The gap between “researched” and “deployed” is where the interesting work happens. Some of it has happened.

What Actually Emerged

After two weeks, a few patterns crystallized that I didn’t plan for.

The vault IS the memory system. I started assuming I’d need a separate memory layer: vector database, retrieval-augmented generation, something. What I actually built is an Obsidian vault readable by both humans (graph view, backlinks, search) and agents (semantic search, knowledge graph tools). One source of truth, not two. The vault is the memory. Everything else is an index into it. QMD, the local BM25 search layer, indexes 317 markdown documents as of today. The same numbers humans see in Obsidian’s file explorer are the ones agents query.

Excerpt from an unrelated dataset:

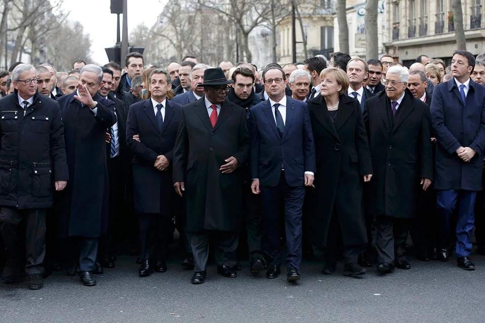President Francois Hollande and leaders from Germany, Italy, Israel, Turkey, Britain and the Palestinian territories, among others, moved off from the central Place de la Republique ahead of a sea of French and other flags. Giant letters attached to a statue in the square spelt out the word Pourquoi?" (Why?) and small groups sang the "La Marseillaise" national anthem.

Forgetting is a feature. The instinct is to save everything: every conversation, every debugging session, every decision rationale. Indiscriminate storage propagates errors. If an agent reads outdated context, it makes outdated decisions. The research on self-learning agents is clear: systems that selectively retain high-quality memories outperform comprehensive-but-undifferentiated storage. So the vault has a simple rule: daily notes are append-only, but the working state is actively pruned. Recently completed items get removed after 3 days. The vault remembers what matters and forgets what doesn’t.

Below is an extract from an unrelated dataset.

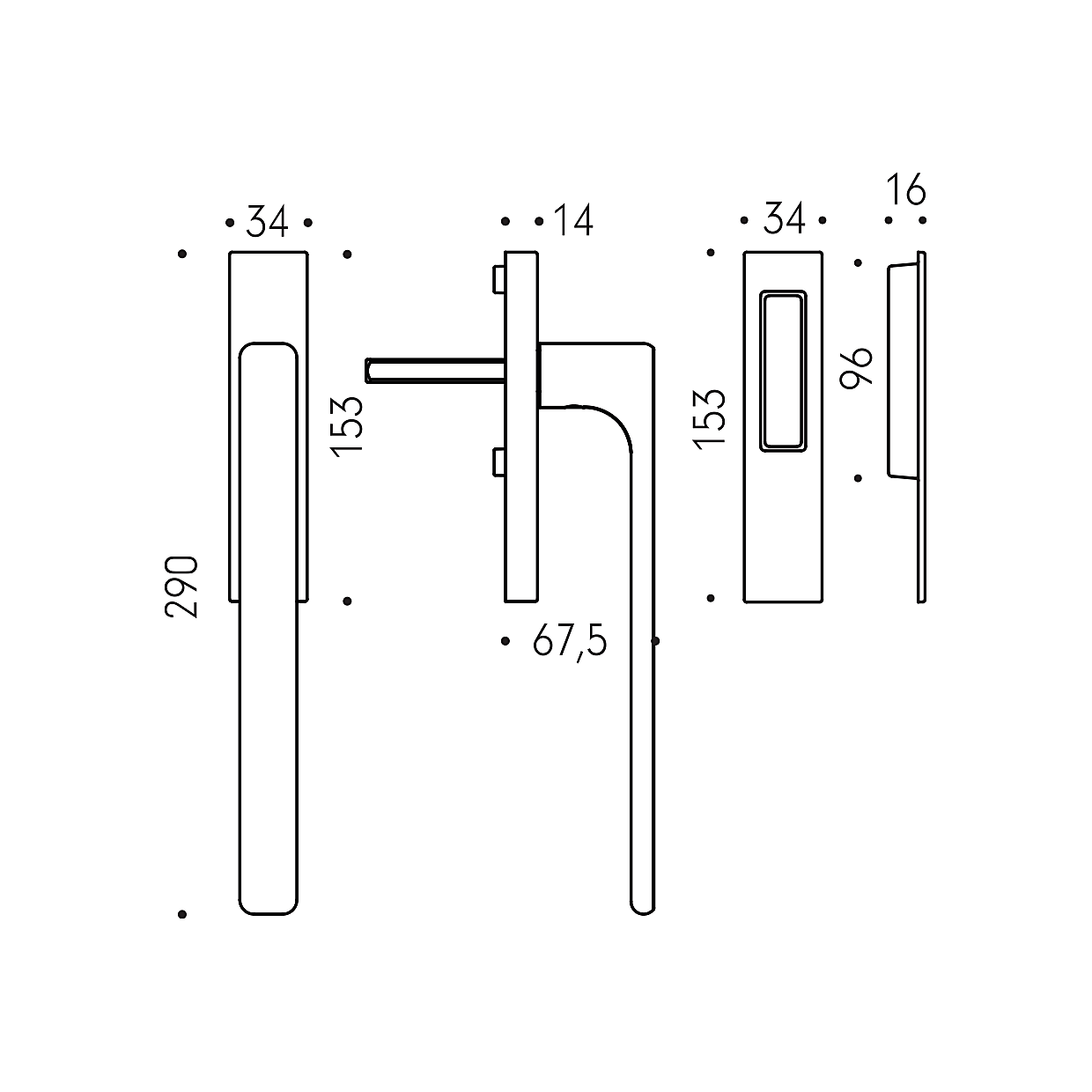 Kvadratna rozeta ima dimenzije 34 mm x 153 mm in debelino 14 mm.

The 80% Problem. Agents generate 80% of code rapidly. The remaining 20% (architecture, trade-offs, context) is where human value concentrates. The one-person billion-dollar company isn’t one person doing nothing. It’s one person doing the 20% that requires judgment, while agents handle the 80% that requires execution.

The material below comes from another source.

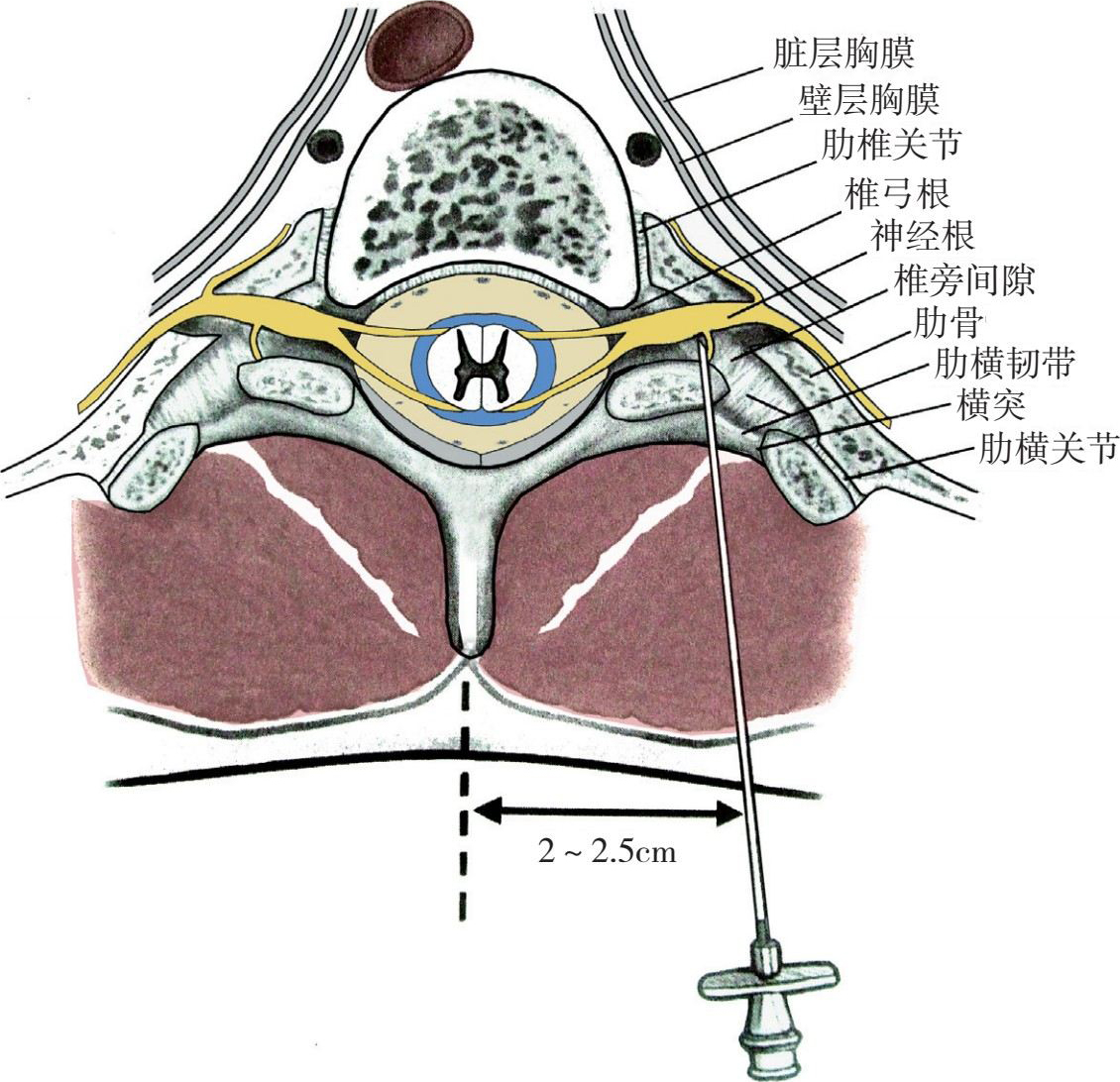 3.具体操作 给患者摆好体位,确认背部中线。确定拟阻滞的胸神经节段,在所定节段对应的脊突上缘距离中线2~2.5cm处分别做标记(图4-13)。切记进针部位的选择一定不要距离中线过远,以免穿刺针刺入胸膜腔。穿刺部位皮肤用适当的消毒液进行准备。皮肤和皮下组织的局部麻醉使用1%利多卡因溶液。22G的硬膜外穿刺针连接于注射器,向前方横突方向进针。对于许多患者,在进针3~5cm时可以碰到横突。碰到横突后,标记深度,然后拔出穿刺针,重新略向下、向前进针,进针深度碰到横突后再向前进针1cm。穿刺针杆上标记1cm刻度有助于穿刺不会过深。为了避免穿刺进入胸膜腔,一定要注意穿刺深度不能超过碰到横突后的1~1.5cm(图4-14)。穿刺针进入椎旁间隙应当有典型的“阻力消失”感觉。回吸试验应当阴性,而注射应当容易。每一阻滞节段注射5ml局麻药液。在进针过程中如果发生异感,注射前需要略微调整针的位置。

Context engineering, not prompt engineering. The industry is shifting from “how you ask” to “what information architecture surrounds the request.” The CLAUDE.md file, the persona files, the vault structure, the MCP server selection, the tool restrictions: these aren’t prompts. They’re the environment. The same agent with different context produces radically different output. The prompt matters less than you think. The context matters more than you think.

The Numbers

12 native agents across 4 operational planes
8 local MCP servers + 3 cloud-connected services (6 free, 1 free tier, 1 existing subscription)
12 hook event types wired for observability
3-tier model routing (judgment / execution / support)
5 cherry-picked patterns from Superpowers (99.2K stars)
4-topic landscape sweep across agent systems
$0 new infrastructure cost for the overnight cron
2 paradigms validated: team pipeline (coordinated handoffs) and background subagent (isolated research)
317 markdown documents indexed by QMD (and growing)

The cron has been running for two-plus weeks now. Every morning there’s a fresh vault audit flagging stale threads and a fresh AI digest summarizing what shipped overnight across Reddit, HN, X, YouTube, and Exa. I read both before the first coffee. Most mornings they surface one or two things worth acting on. Occasionally they catch something critical: a stalled workstream, an API deprecation, a paper whose authors are getting uncomfortably close to our adversarial AI negotiation work.

That’s not a metaphor for anything. It’s just infrastructure.